Joaquin Phoenix in ‘Inherent Vice’
Joaquin Phoenix in ‘Inherent Vice’ Warner Bros.

Inherent Vice, Paul Thomas Anderson’s trippy, trenchant satire, is very much a creature of Thomas Pynchon’s biting deconstruction of the final daze of peace, love and understanding that gives the film its inspiration and its name.

Joaquin Phoenix and the terrific acting ensemble that joins him in this pot-infused ’70s-era beach noir create such a good buzz you can almost get a contact high from watching. A sprawling cast is required for the many vices and various intrigues, with Josh Brolin, Reese Witherspoon, Owen Wilson, Jena Malone and Martin Short as its core, plus Katherine Waterston, actor Sam’s daughter, as the pivotal femme fatale.

After exploring cult mentality along the Eastern Seaboard in The Master, Inherent Vice brings us back to Anderson’s favorite locale: steamy Southern California’s more unsavory sides. It would seem the writer/director intends to work through every layer. Starting with the San Fernando Valley’s porn industry in Boogie Nights (1997), he moved on to love, lust and the seamier side of game shows, again in the Valley, with Magnolia (1999), before circling back to the region’s early oil-boom days in There Will Be Blood (2007). Now he’s one toke over the line and knee-deep in vice.

Trying to pare back Pynchon without killing the joke was the challenge. Anderson has done a remarkable job of replicating the crazy kaleidoscope of crime, dope and raunch the novelist conjured. It is a densely detailed cultural polyglot of real estate machinations, Aryan Brotherhood bikers, dental scams, sex, drugs, dope smoking, detectives and dames. Don’t be fooled by the literary imprint; the intellectual underpinning is certainly there, but this is also a tawdry tale that earns its R rating.

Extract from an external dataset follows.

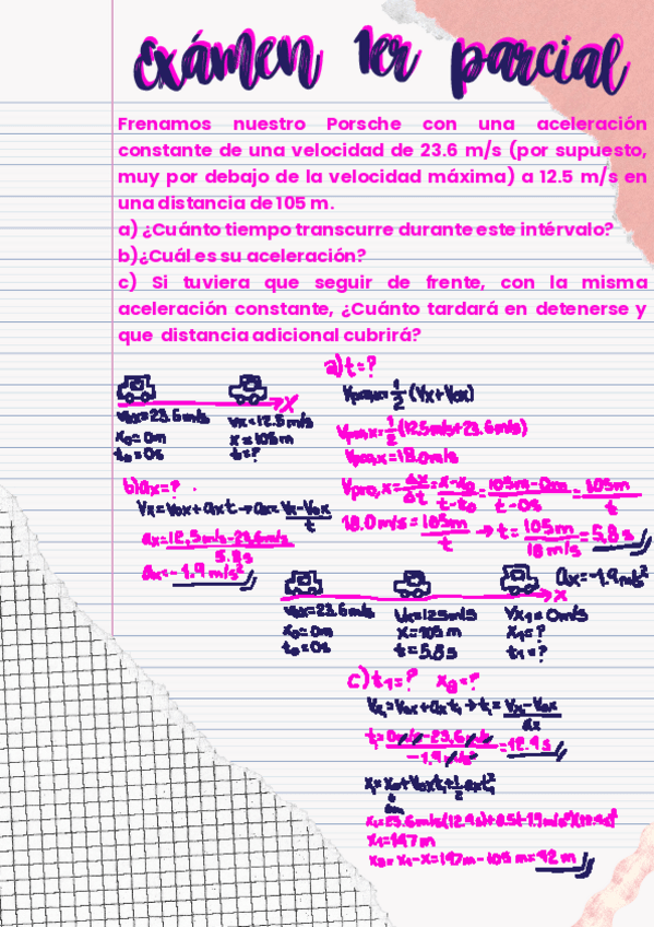 Frenamos nuestro Porsche con una aceleración constante de una velocidad de 23.6 m/s (por supuesto, muy por debajo de la velocidad máxima) a 12.5 m/s en una distancia de 105 m.

Phoenix, who starred in The Master, is once again Anderson’s main co-conspirator. His Doc Sportello is a Birkenstock-wearing, weed-dispensing private investigator in a thinly masked ’70s-era Manhattan Beach. Its surf culture, dive bars and weathered one-rooms by the month are still firmly entrenched, gentrification not yet an issue. The crafty crew — cinematographer Robert Elswit, production designer David Crank and costume designer Mark Bridges — nail the period details. Nostalgia, like all other forms of sentiment, is never allowed to interfere.

The dame is Shasta Fey Hepworth (Waterston), a tall drink of water who happens to be Doc’s ex, or one of them. These days she’s the mistress of a local land-grabbing developer named Mickey Wolfmann (Eric Roberts). It’s not all that clear whether Shasta’s dropped by Doc’s place for help or confession. Regardless, he gets her tale of woe. She’s been roped into a plot by Wolfmann’s wife (Serena Scott Thomas) and her boy toy to have Wolfmann committed to a high-end insane asylum, leaving them free to split his money.

What — Shasta wonders — does she owe Mickey? Does — Doc wonders — she love the guy? The issue of loyalty and love colliding with self-interest shapes the film and all the players to varying degrees. Complexities and complications are everywhere. Lives and lies overlap, as do the various vices.

Inherent Vice is Pynchon and Anderson at their funniest, loosest and most accessible. The cast seems to thoroughly enjoy being in on the joke. Maybe it’s all the weed.

Inherent Vice

Director: Paul Thomas Anderson

Cast: Joaquin Phoenix, Josh Brolin, Reese Witherspoon

Rated: R (drug use throughout, sexual content, graphic nudity, strong language, some violence)

Running time: 148 min.

This story was originally published January 8, 2015 at 10:00 AM with the headline "Review: ‘Inherent Vice’."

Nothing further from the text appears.